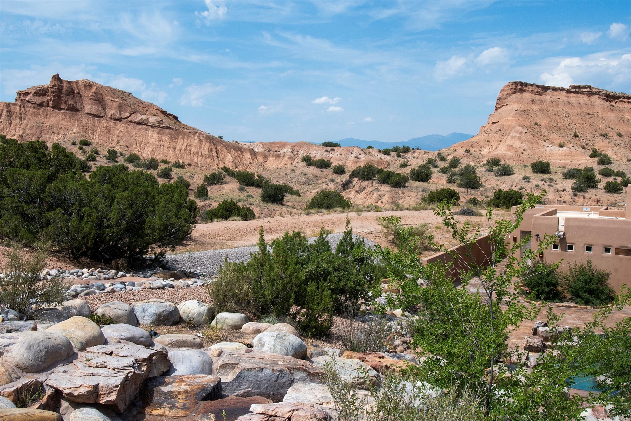 DESERT RIPARIAN DELIGHT - 2 CASITAS | 2 BATHS | 1,900 SQFT | 5.7 ACRES. Fabulously Fun Chimayo River Compound & Leisure Retreat. Welcome the natural bounty of the Chimayo river valley at this open concept modern pueblo casita compound with leisure pools and river access. Beat the heat with the soaking pool complete with waterfall grotto and lounging pad or cozy up in the winter with the hot tub or fire pit. Comprising 2 Casitas; The Pueblo Pool House Casita features a leisure pool, hot tub, waterfall grotto, outdoor shower area and beautiful stone work. The River Casitia is a finished 24' Yurt with added kitchen and bathroom on a permanent foundation next to the river featuring a fire pit area and river access trails. Each building is complete with an outdoor shower for apre l'eau - pool or river. Offering tile porcelain floors, art lighting, under cabinet lighting, 2 outdoor showers, built-in banquette with storage, dishwasher, on site laundry, electric range, insulated windows, hardwood cabinetry, and bronze hardware, Dos Casitas Compound on the River is a delightful wilderness retreat. Located on 5.7 dynamic and beautiful acres In the Chimayo Valley, 40 minutes from Historic Santa Fe and 60 from the Pueblos of Taos. Resting alongside the Santa Cruz River makes this a true oasis in the New Mexico desert. The property is plentiful with river life. Majestic cottonwoods grow alongside the river and vast views of the desert hills and mesas of northern New Mexico offer the senses peaceful imaginings. Adjacent to acres of BLM land, makes this a wonderfully secluded location at the end of a private road. Conveniently located just five mins from village stores, shopping, and not much further to nearby restaurants, historic and local attractions. Imagine this as the amazing Art Studio or Yoga Yurt of your dreams. Perfect for Investor Wilderness Spa Retreat or further Compound development. Visit today and own a piece of Northern New Mexico paradise tomorrow.
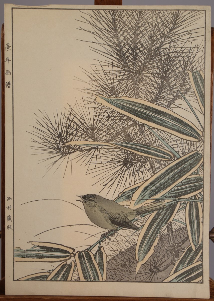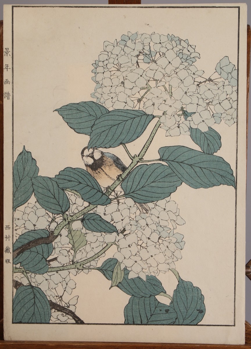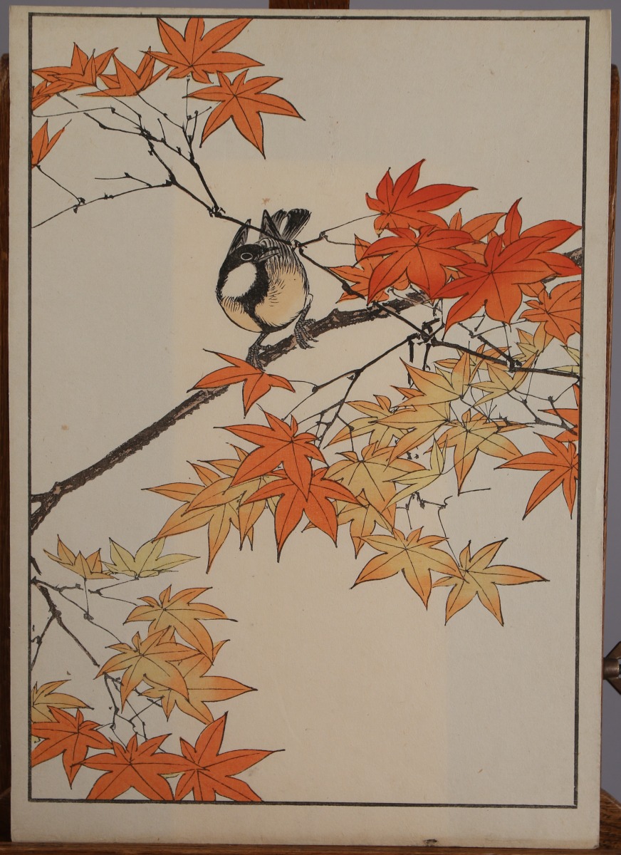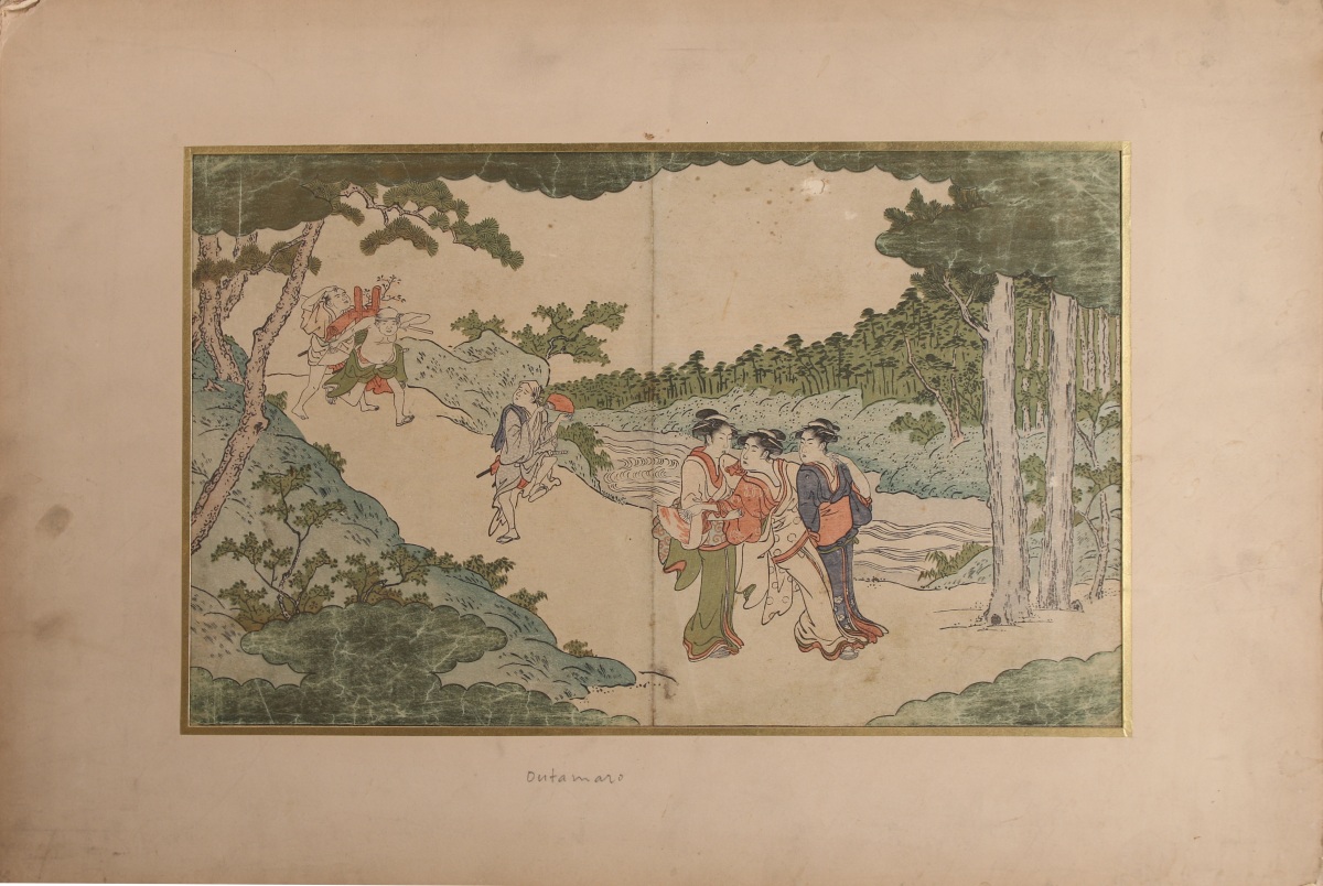 RÉUNION de NEUF ESTAMPES par différents artistes, dont un oban par Toyokuni III, une double page par Utamaro représentant des jeunes femmes et colporteurs, quatre pages d'album par Imao Keinen, un chuban par Hiroshige représentant un oiseau et un oban retirage d'après Hokusai, planche Eijiri de la série des 36 vues du Mont Fuji.
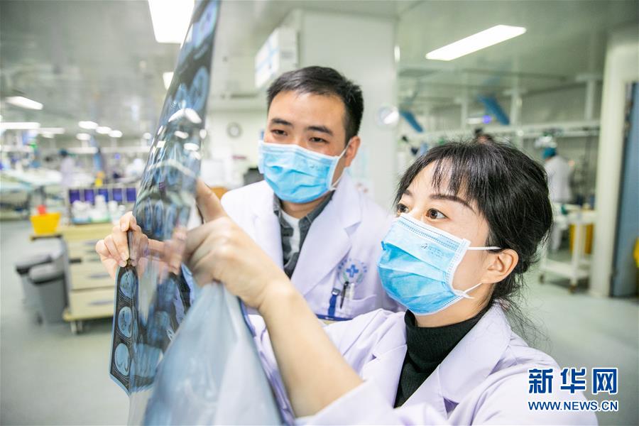 10月9日,吉丹丹(右)在贵州省毕节市第一人民医院重症医学科和同事讨论患者病情。 新华社发(罗大富 摄)

------------------------

**WHAT TO DO**: When you reach the line containing "RÉUNION de NEUF" in the listing above, reproduce it and every line after it through the last, exactly; omit the pictures.

**ANSWER BELOW**:
 RÉUNION de NEUF ESTAMPES par différents artistes, dont un oban par Toyokuni III, une double page par Utamaro représentant des jeunes femmes et colporteurs, quatre pages d'album par Imao Keinen, un chuban par Hiroshige représentant un oiseau et un oban retirage d'après Hokusai, planche Eijiri de la série des 36 vues du Mont Fuji.
 10月9日,吉丹丹(右)在贵州省毕节市第一人民医院重症医学科和同事讨论患者病情。 新华社发(罗大富 摄)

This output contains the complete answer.